The early Christians could have found out what we would call historical information about Jesus, but in fact they did not. Neither Mark nor anyone else in the Christian community (perhaps circa 70 A.D. Rome) had been in Palestine at the time; all the participants were now dead, and Mark had a book to write.

Certainly, there lived a Jesus of Nazareth, who was baptized in the Jordan by John, who taught, in imitation of John, that “the kingdom of God is upon you” (Mark, 1:15); and who was killed by the Romans as a potentially dangerous fomentor of revolution. Of the outline of Jesus’ life itself, this is just about all that Mark knew. Mark possessed a good many fictional (and some non-fictional) stories about Jesus and a small stock of sayings attributed to him, and he incorporated them in his Gospel; but he had no idea of their chronological order beyond the reasonable surmise that the baptism came at the beginning of the ministry and the crucifixion at the end. Mark is, in other words, not a biography; its outline of Jesus’ career is fictional and the sequence has thematic and theological significance only. As Norman Perrin bluntly puts it, “The outline of the Gospel of Mark has no historical value.”

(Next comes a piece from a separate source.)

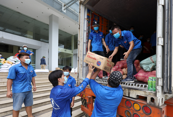 Đoàn viên, thanh niên và lực lượng tình nguyện viên tham gia hỗ trợ bốc xếp và vận chuyển nhu yếu phẩm hỗ trợ vùng dịch

Mark certainly knew what to put first: “The beginning of the Gospel of Jesus Christ, the Son of God” (Mark 1:1). But Mark’s beginning comes when Jesus is already a grown man only a few months away from death. His Gospel says nothing about Jesus’ birth or childhood, has almost no meaningful chronology, presents very little of Jesus’ moral teaching (no Sermon of the Mount, no parables of the Prodigal Son or Good Samaritan), and has a spectacularly disappointed ending: the Resurrection, announced only by a youth, is witnessed by no one, and the women who were told about it “say nothing to anybody, for they were afraid” (Mark 16:8). End of Gospel.

Mark wrote some forty years after the Crucifixion, when Jesus was already rapidly becoming a figure of legend. John the Baptist presented genuine problems. Since the baptism made John look like the mentor of Jesus and the initiator of his career, the Baptist had to be demoted, but not too much; the initiator became the forerunner. Mark’s method of performing that demotion is fascinating because, paradoxically, it does in fact the opposite, and had to be corrected, three different ways, by the other three evangelists.

The baptism itself was the first awkward fact. Ordinarily, John’s baptism stood as a sign that one had repented of sin: “A baptism in token of repentance, for the forgiveness of sins” (Mark 1:4). It appears not to have troubled Mark that he presented Jesus as a repentant sinner. There is no hint in Mark’s first chapter that Jesus was in any way the Son of God before his baptism; indeed, there is the clear hint that at least Mark’s source, if not Mark himself, held the “adoptionist” theology.

(Jesus’ baptism by John the Baptist, from a fifth century mosaic in Santa Maria in Cosmedin, Ravenna. Note Jesus’ nudity and his youthful, beardless face.)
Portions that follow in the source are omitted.